FREDA JOSEPHINE MCDONALD
In 1906, Freda Josephine McDonald was born in Saint Louis Missouri. She was the daughter of a teenage mother and she was raised in part by her grandmother, who had had been born into slavery. As a very young girl, Josephine Baker worked as a domestic and she later told some pretty horrible stories about the mistreatments that she had been forced to suffer. There are also stories about her having had to live on the street in the Saint Louis slums, sleeping in cardboard shelters and scrounging for food in garbage cans while she earned small change by dancing on street-corners. At the age of eleven, she witnessed the terrifying race riots in East St.

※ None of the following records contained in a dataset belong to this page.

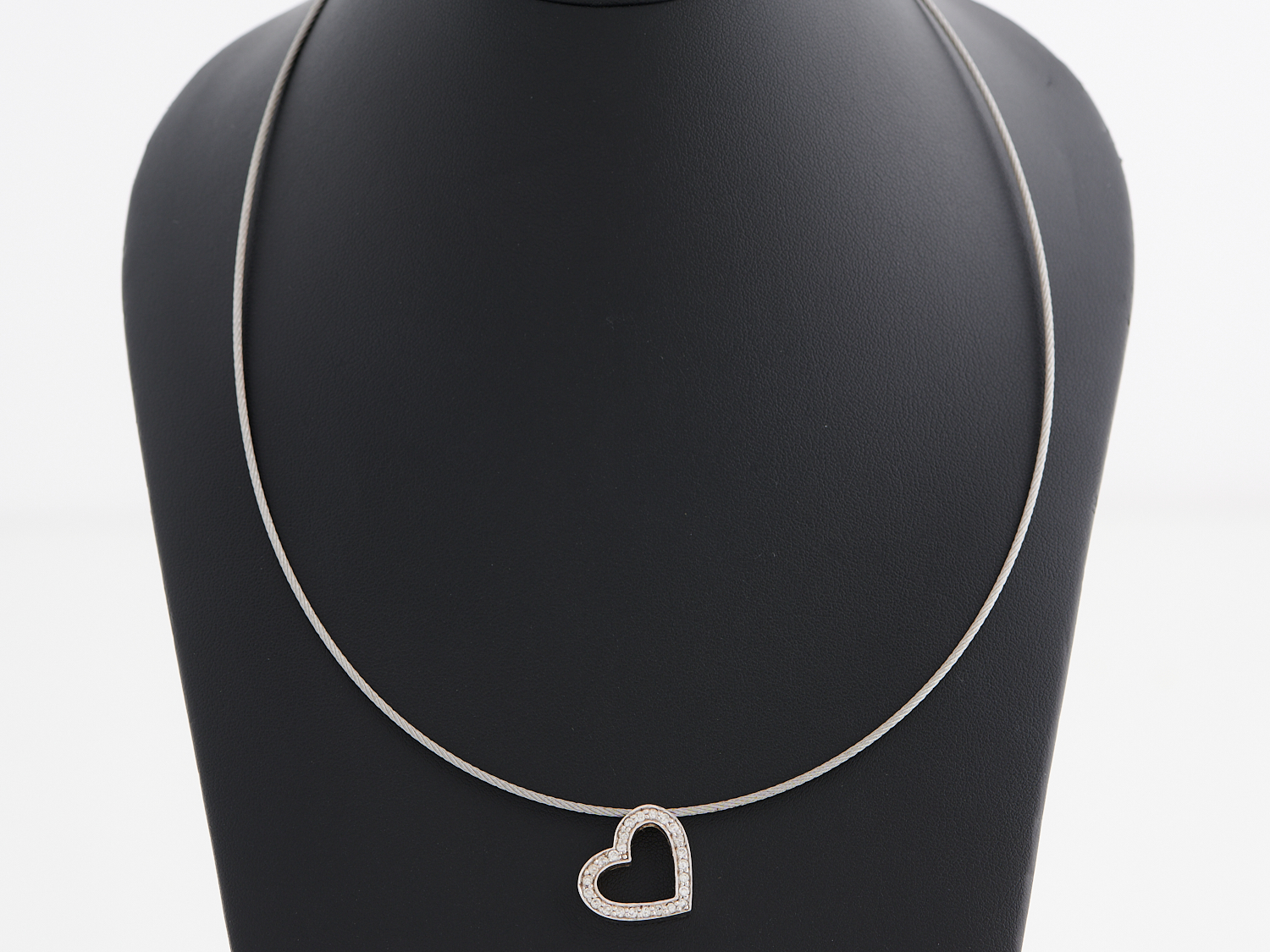 A DIAMOND SET HEART PENDANT IN 18CT WHITE GOLD, MEASURING 19MM X 19MM, TO A WIRE OMEGA COLLAR
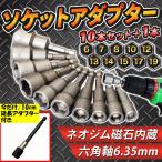 ソケットアダプター 10個+1本 セット 6.35mm 六角 ボルト ナット 電動工具 インパクトドライバー 六角レンチ ソケット DIY 工具
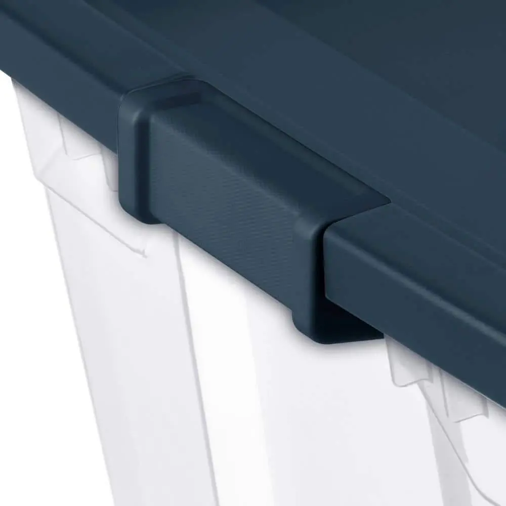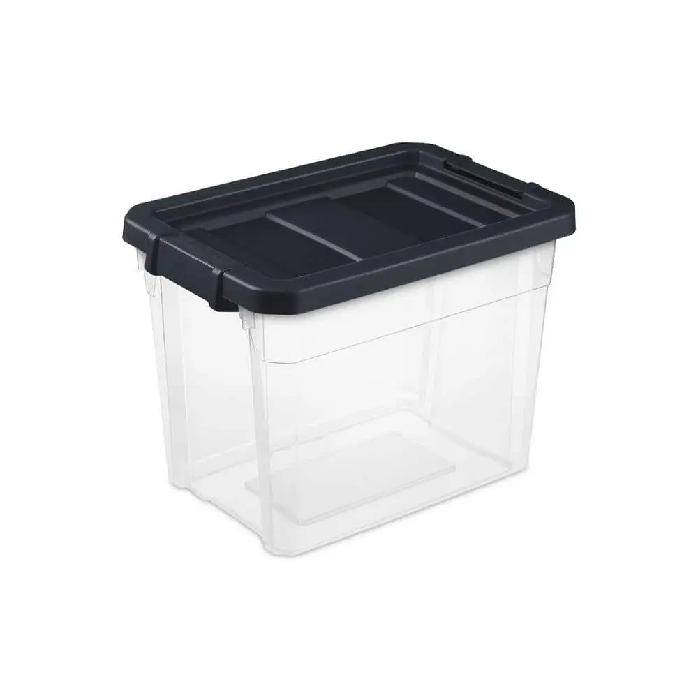 The Sterilite 30-Qt. Stacker Box with an ink-colored lid is designed to keep your items secure and organized. Its durable plastic construction ensures long-lasting use, while the secure ink-colored lid keeps your contents protected. The clear base allows for easy visibility of stored items, making it convenient to find what you need. Its stackable design maximizes your storage space, and the 30-quart capacity is perfect for organizing various household items.
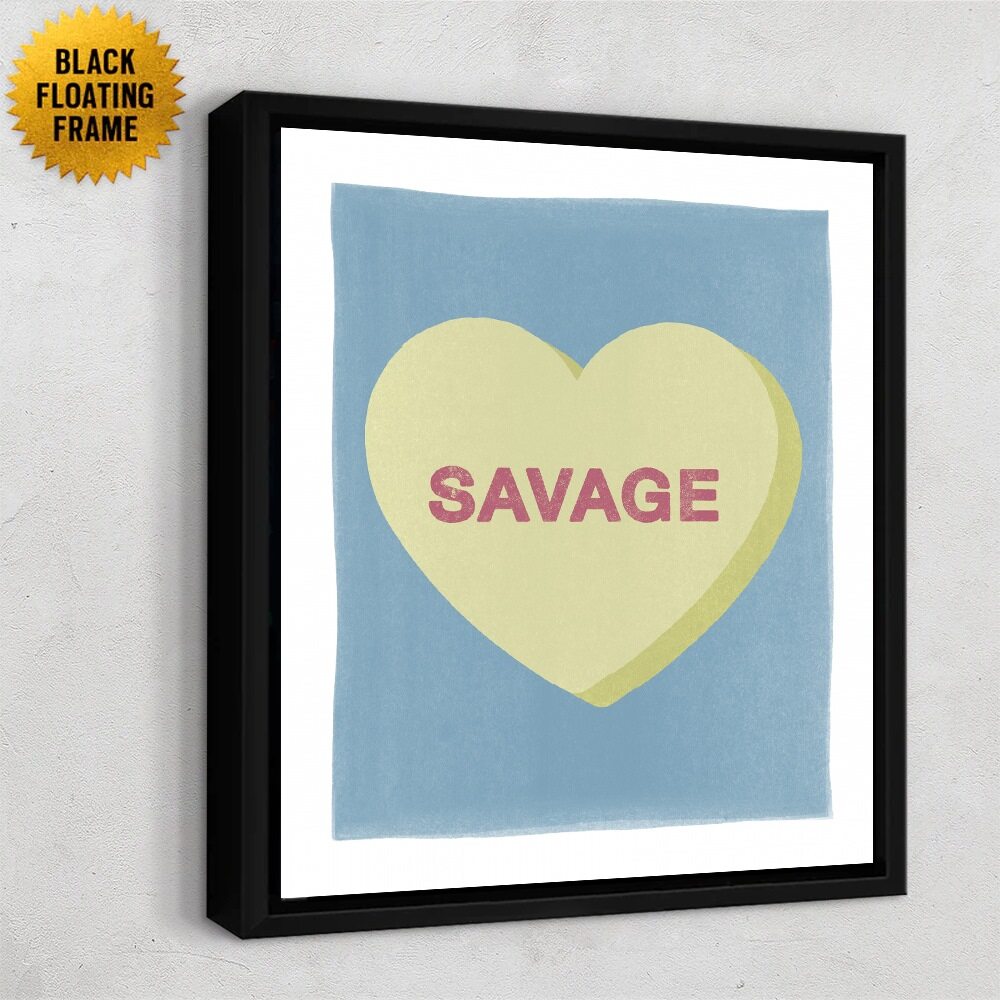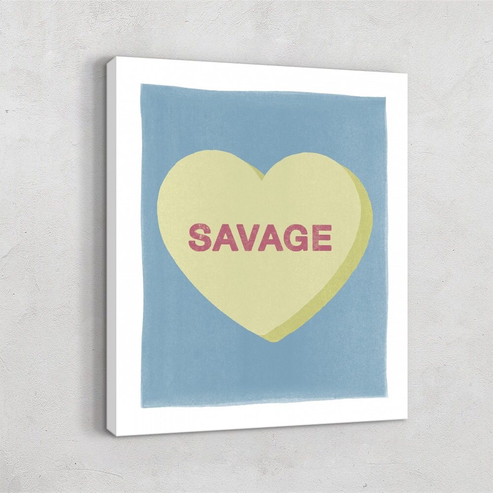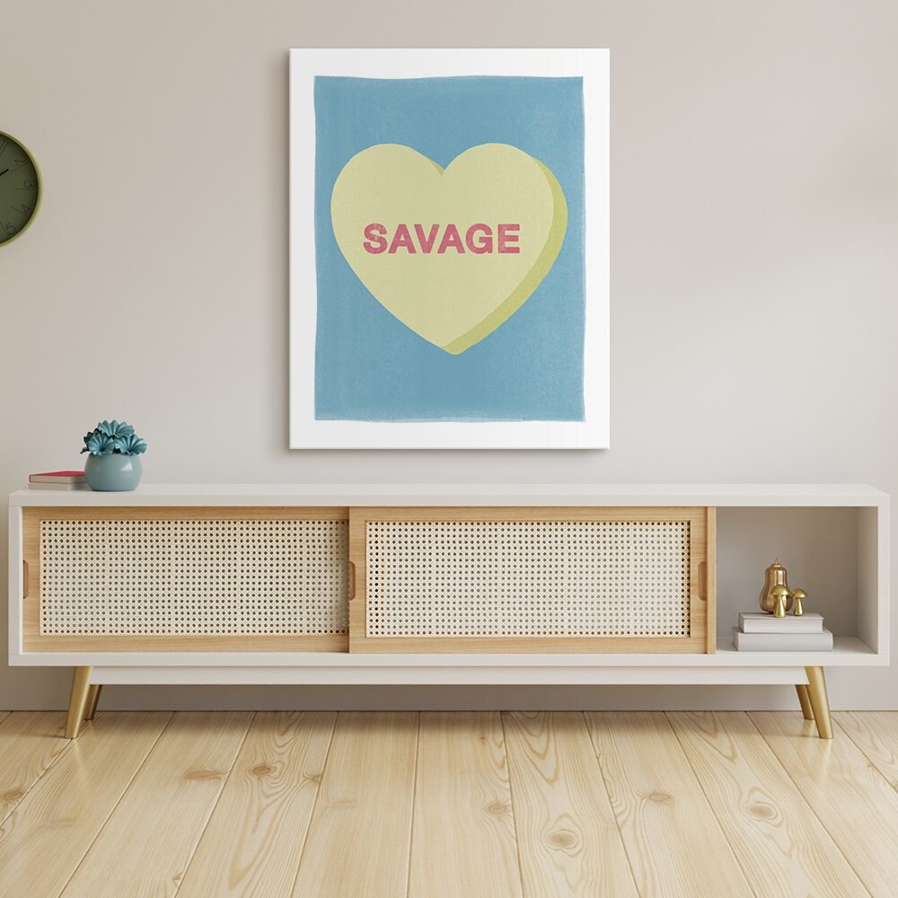This print gives classic candy-heart vibes with a bold, modern twist. A soft yellow heart sits against a cool blue background, carrying the word “Savage” in confident pink lettering. The pastel colors keep it sweet, while the message adds a punch of unapologetic attitude. It’s a fun, stylish way to bring personality and edge into any room.

Louis, as mobs of vigilante whites roamed the city, murdering inhabitants and setting fire to buildings. "One day," she wrote, "I realized that I was living in a country where I was afraid as a black. It was a country only for whites. Not for blacks."
LA REVUE NEGRE
Socialite Caroline Dudley saw Harlem as "a land of banjos, pianos and the mechanical Victrola, gramophone, radio morning noon and night” as she was determined to bring that distinctive musical spirit to Paris, in the form of an all-Black revue that she named “La Revue Negre.” Josephine Baker arrived in Paris with the show—and it wasn’t long afterwards that she became the toast of the town.
Early images and plot lines associated with Josephine Baker often relied on racial stereotypes that would be rejected today. For those who can speak French, Pap Ndiaye has some interesting takes on this issue. Ndiaye, who is now France’s Minister for Education, is also a very well-respected historian specializing in Black studies. During a 2019 podcast interview on France Culture radio, Ndiaye explained that he believed that Josephine Baker had actually worked to take control of the stereotypes that were part of her acts, dismissing and deriding them at the same time that she was exaggerating them. “It is this French colonial imaginary world which she will capture and which she will play with, obviously with many nods and much distance, because Josephine Baker is not someone to be fooled,” Mr. Ndiaye explains.
Ndiaye also underlines how important it is to remember how Baker must have felt when she arrived in France. In a 2021 interview with the AP, he points out that her new life in Paris allowed for radical changes for Baker: “When she arrived, she was first surprised like so many African Americans who settled in Paris at the same time ... at the absence of institutional racism. There was no segregation ... no lynching. There was the possibility to sit at a cafe and be served by a white waiter, the possibility to talk to white people, to have a romance with white people... That doesn’t mean that racism did not exist in France. But French racism has often been more subtle, not as brutal as the American forms of racism.”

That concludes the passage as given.